E dessa reflexão, o Papa Bento tirou uma conclusão que, se é que existe, é ainda mais perturbadora do que aquela a que chegou o Papa Francisco, porque vê tal 'subjetivismo e relativismo ético e religioso' pondo em questão a própria fé de 'os noivos para se casar', com a possível consequência de que seu futuro casamento pode não ser válido:
O pacto indissolúvel entre o homem e a mulher não exige, para efeitos do sacramento, dos noivos a sua fé pessoal; o que ela exige, como condição mínima necessária, é a intenção de fazer o que a Igreja faz. Porém, se é importante não confundir o problema da intenção com o da fé pessoal de quem contrai matrimónio, não é possível separá-los completamente. Como observou a Comissão Teológica Internacional em um Documento de 1977: “Onde não há traço de fé (no sentido do termo 'crença' -- estar disposto a acreditar), e nenhum desejo de graça ou salvação é encontrado, então um surge uma dúvida real sobre se existe a intenção acima mencionada e verdadeiramente sacramental e se de fato o casamento contraído é validamente contraído ou não”.

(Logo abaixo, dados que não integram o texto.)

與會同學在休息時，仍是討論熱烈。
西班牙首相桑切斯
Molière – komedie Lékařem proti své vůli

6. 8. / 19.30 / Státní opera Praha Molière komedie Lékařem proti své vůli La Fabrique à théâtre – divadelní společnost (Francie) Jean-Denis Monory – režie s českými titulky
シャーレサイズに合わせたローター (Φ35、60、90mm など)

O cerne da questão - e uma consideração importante
No final, então, parece que podemos separar a possível hipérbole - 'a grande maioria' - das observações improvisadas do Papa Francisco da questão subjacente que ele discutiu em sua resposta de junho de 2016 e em seu discurso de janeiro de 2015, e que o Papa Bento XVI discutiu em janeiro de 2013. Essa questão subjacente - a 'cultura do provisório' e como isso afeta a capacidade de homens e mulheres católicos de consentir verdadeiramente no casamento e, portanto, de contrair um casamento válido - é um grave problema que a Igreja Católica deve enfrentar.

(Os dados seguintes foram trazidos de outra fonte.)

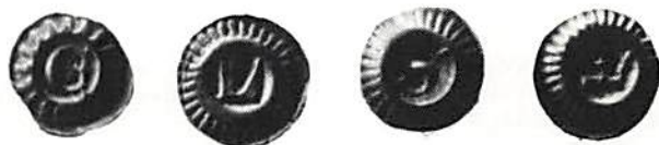
Fig. 5. Brakteater från Magnus Eriksson, visande bokstav eller krona inom strålring och slagna ca 1354-63. Låg silverhalt

Grupp XXVIII (fig 5) omfattar brakteater med strålring och de är kända med bokstäverna E, L och S samt krona (de med A, O, W eller I,
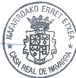
Blas de Beaumont.

No entanto, mesmo que a observação inicial do Papa Francisco esteja correta, é importante lembrar disso: a Igreja, como sempre, presumiu que qualquer casamento em particular que atenda aos critérios externos de validade é realmente válido,até que seja mostrado o contrário. Em outras palavras, as preocupações levantadas tanto pelo Papa Bento quanto pelo Papa Francisco não são as mesmas que, digamos, uma questão sobre a validade de um determinado batismo. Neste último caso, se houver alguma dúvida sobre a validade do batismo, a Igreja exige que seja realizado um batismo provisório para garantir a validade do sacramento, pois o sacramento do batismo é necessário para a salvação.
No caso do casamento, a questão da validade só se torna preocupante se um ou ambos os cônjuges solicitarem a anulação. Nesse caso, os tribunais matrimoniais da Igreja, desde o nível diocesano até a Rota Romana, podem de fato considerar evidências de que um ou ambos os cônjuges não contraíram o casamento com a devida compreensão de sua natureza permanente e, portanto, não oferecer o pleno consentimento necessário para que o casamento seja válido.